You see in a 2D space there are more “movement possibilities” that in a 1D space we described before… and we are making nothing about those! The first one is quite obvious, movement along Y:

You see, if we would apply even the smallest load in the vertical direction (along Y) our model will simply “slide to eternity”. There is no support in the vertical direction, but the movement is possible! In 1D space, we didn’t have to worry about it – the 1D space made that movement impossible!

All right then, let’s modify our support in point A to block vertical movement as well:

Note, that our model does not “slide to eternity” anymore… but it can “spin for eternity” around point A instead! While point A cannot “move” (authors often call such movement “translation”), nothing blocks its rotation! Applying vertical load in node C will cause infinite rotation of the model.

This is how we discover another “movement” possibility – that is rotation. It’s impossible in 1D space, but in 2D one rotation direction is possible. In order to block it, we should make a *rigid* support in point A, or support another node in the vertical direction. Let’s go with the rigid option since we want to “discover” all DoF in this article!

The thing about *rigid* supports“Rigid support” is a funny term. It can mean a LOT depending on the context. In essence rigid supports blocks rotation, and pinned supports do not block rotation (like in the example above).

However, it’s not always obvious which rotations should be blocked for the support to be rigid. This is not a problem in 2D space (there is only one rotation aviable), but it will be a bit more fun in a 3D space. We will get to that.

Up to this point, our beloved solver wouldn’t calculate our 2D model. Even with only horizontal force, the model is “unstable”. Even if there are no loads acting in the unsupported direction, the movement there is “possible” and “not blocked”. This means that the solver sees this problem as “unsolvable” and will throw errors at you (you know, the infamous non-convergence ones).

Now we are ready to actually solve our model:

First of all, let’s say this is a stick, not a string. Strings aren’t great in bending situations, and would behave in a rather complicated manner I don’t want to get into that here. Sticks are much more “normal” when it comes to that!

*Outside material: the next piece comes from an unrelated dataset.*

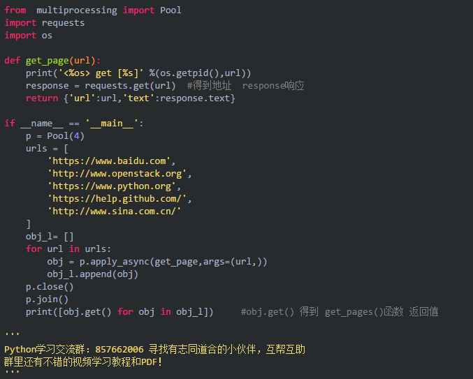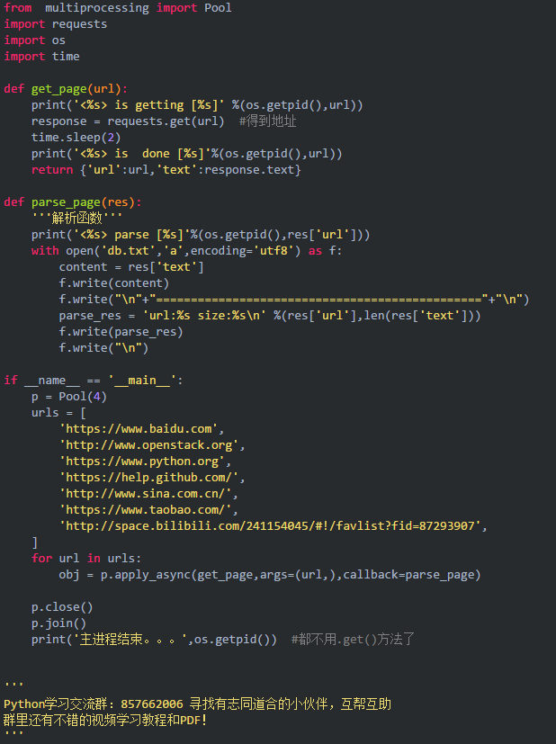我们可以把耗时间(阻塞)的任务放到进程池中,然后指定回调函数(主进程负责执行),这样主进程在执行回调函数时就省去了I/O的过程,直接拿到的是任务的结果。

Note, that the “real” deformation is a really smoothly curved line. But FEA isn’t as smart, especially since I used only 2 Finite Elements to model a cantilever (not very smart, but of course I did it on purpose). Since our elements have only 2 nodes each (beginning and the end), they can only be a straight line. This makes the shape a bit awkward in FEA, as you can see above. Of course, adding more elements would help, as well as using higher-order elements. You can learn more about elements here!

Since we are discussing Degrees of Freedom the most important thing from this example is: how much information nodes have to share?

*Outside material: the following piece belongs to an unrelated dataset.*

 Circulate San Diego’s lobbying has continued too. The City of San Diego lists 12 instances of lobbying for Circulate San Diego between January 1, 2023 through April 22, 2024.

The first part of the answer is pretty obvious. Movement along axis X and axis Y are definitely important. This is how you can say “how far” the node traveled in a 2D space. But we already know that this is not enough! We had to support our model with *rigid* support blocking rotation. The same rotation node B shared between elements on the drawing above. Note, that they are not in line, and there is a certain “angle” between them, as they try to fit as best as they can to actual deformation. This is a 3rd DoF in a 2D space… rotation “in-plane”.

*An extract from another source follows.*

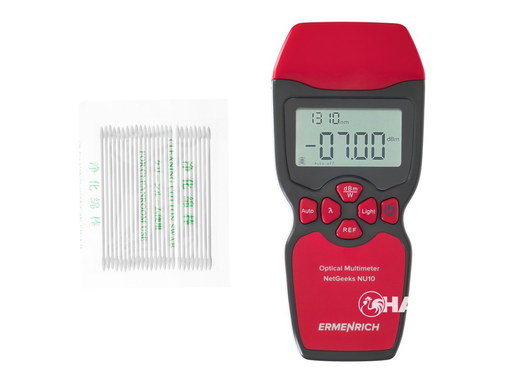 Optický multimetr Ermenrich NetGeeks NU10 je kompaktní přístroj pro testování komunikačních linek z optických vláken. Můžete s ním měřit absolutní optický výkon nebo relativní ztrátu optického výkonu mezi dvěma body v optickém kabelu. Přístroj je užitečný pro ty, kteří instalují a udržují kabelové sítě nebo kontrolují a certifikují telekomunikační zařízení.

Degrees of Freedon in a 2D space:As I just claritied there are 3 DoF in a 2D space:

- Movement along axis X
- Movement along axis Y
- Rotation “in plane” – that would be rotation around axis Z

**What Degrees of Freedom “gives” you?**

I could easily end here, but as I told you at the begining there is more to the “DoF” than just possibility of movement. In fact, there is plenty more! Let’s take a look at some important things!

Support your DoF!The first important thing is, that you need to support each DoF of your model.

In a 1D space, this was easy. We could only move along the string, so supporting one point to block the possible movement and keeping that point “in place” was sufficient. In a 1D space you need to block only 1 DoF to make your model work!

In a 2D space, things became a bit more messy. Each node has 3 DoF carying both translations (along X and Y) and an in-plane rotation. This means, that we have to support 3 DoF in our model to make it stable. And we did that!

Of course, the same will apply to a 3D space… but we will get there.

What is important here is, that you how many DoF you need to support for your single model to “work”.

Note, that above I used the word “single model”. Sometimes in analysis, you may have several “pieces” of your model connected somehow, but not completely. In those cases, supports will require a different amount of DoF blocked, depending on how many pieces you have, and how they are connected with each other. But for a single model, the above is true.

Next thing is the internal forces. Those also depend on the amount of DoF each node in your system has! Since in 2D a single model has 3 DoF, you have to support 3 DoF to make it work!

DoF and internal forces!In a 1D space nodes had only 1 DoF. This was “move along the string” information. Such situation means, that in our model we can only have tension or compression in elements… we couldn’t transfer any other information between elements! This is only one internal force, called “normal force” (since it acts in a direction “normal” to the cross section).

The equation for beams is simple 1 DoF = 1 Internal Force

Since we already know that a 2D space have 3 DoF, let’s wonder what internal forces are possible in beams in 2D space.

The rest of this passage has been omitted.